I turn back to address Gwenhwyfar.
“We have a job to do. They’re coming.” She stares at me hard and I know she understands. “But you’re going to have to stay here and wait. We will come to you when we need you.”
Then I walk back with the others through the academy campus. Students and teachers alike are stationed in strategic positions. Tristan and Spencer give them encouraging nods or a few words of advice as we pass, and then we’re walking right around the academy mansion to wait at its front. The drive up to the academy is our weakest point and we have our strongest fighters here. Principal York, Coach Hank and several of the magicals who make up the resistance including Winnie and Trent.
With my five men beside me, I stride right to the front of the small crowd of people and stare straight down the hill. The movement on the horizon has morphed to a grayness that crawls over the countryside like rot. It moves at speed, slithering closer and closer and we can see the tanks and the trucks and the aura of magic around them.
I peer back towards the meadow where the dragons are waiting as ordered. I could climb on Gwenhwyfar’s back right now and fly over those troops and that machinery and blast them all away with Gwenhwyfar’s fire. But Tristan is insistent that that is what his dad wants us to do. To attack with a recklessness that will see us fall.

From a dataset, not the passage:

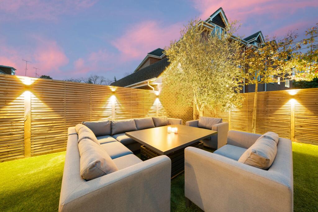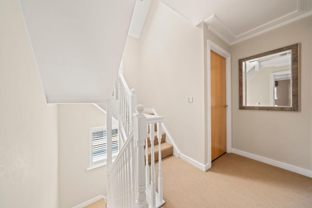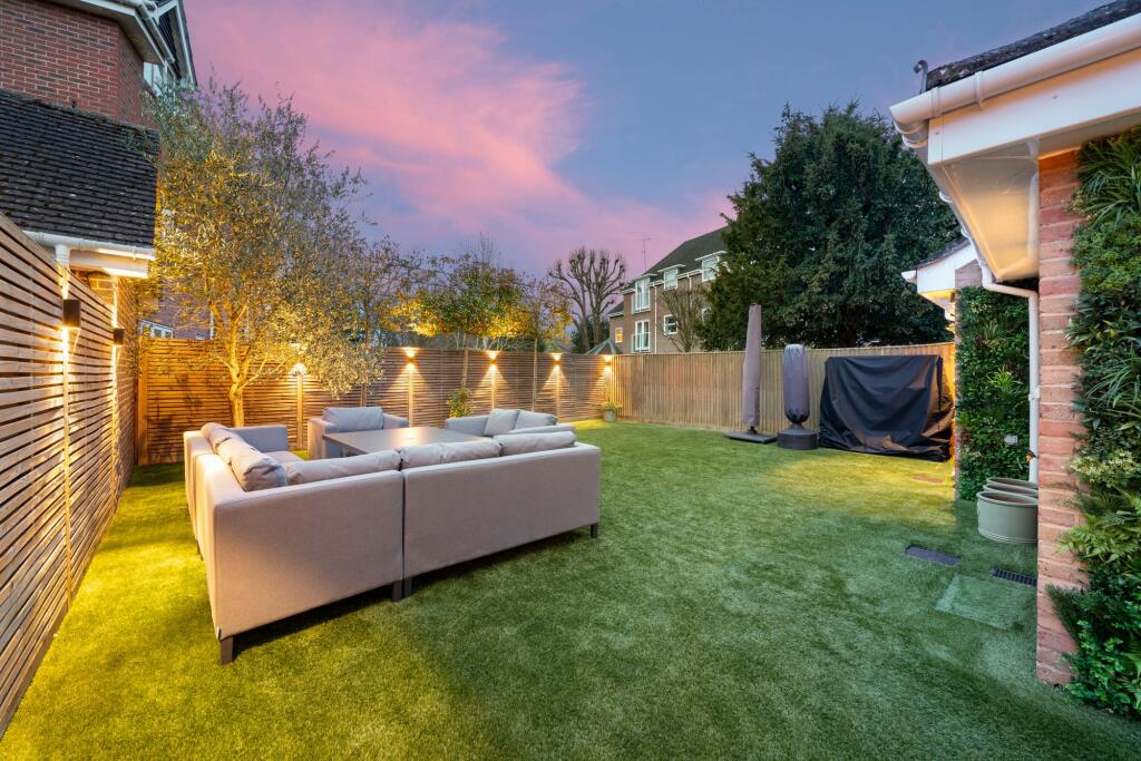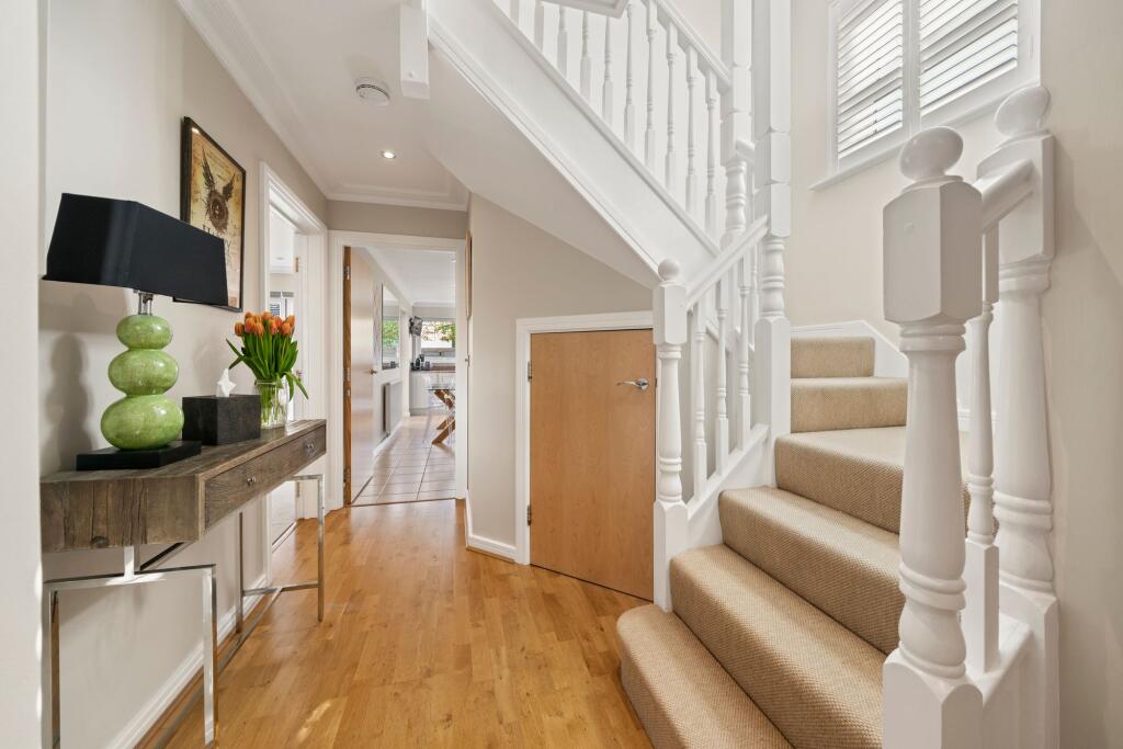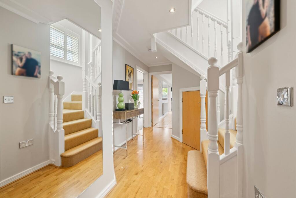 Attractive five bed family home in a private gated development, moments from Cobham Station & High Street. Expertly crafted interiors, luxury living, landscaped garden, gym, and ample parking

I chew my thumb. Winnie’s always teased me about my lack of patience. It definitely isn’t one of my virtues. But fate gave me these men for this reason. I have to trust in them and their plan.
Azlan removes my thumb from my mouth and grips my hand tightly in his.
“Are you nervous?” he asks.
“A little,” I admit.
“You shouldn’t be,” he says with all that self-assured confidence I love about him. “You have us. We have each other. I felt it last night, how strong the bond between us is. I don’t think even a dragon like Gwenhwyfar or a dark magical with an entire army could break that apart. It’s more than just magic,” he adds with a whisper, causing a shiver of electricity to spiral down my spine. I understand what he means.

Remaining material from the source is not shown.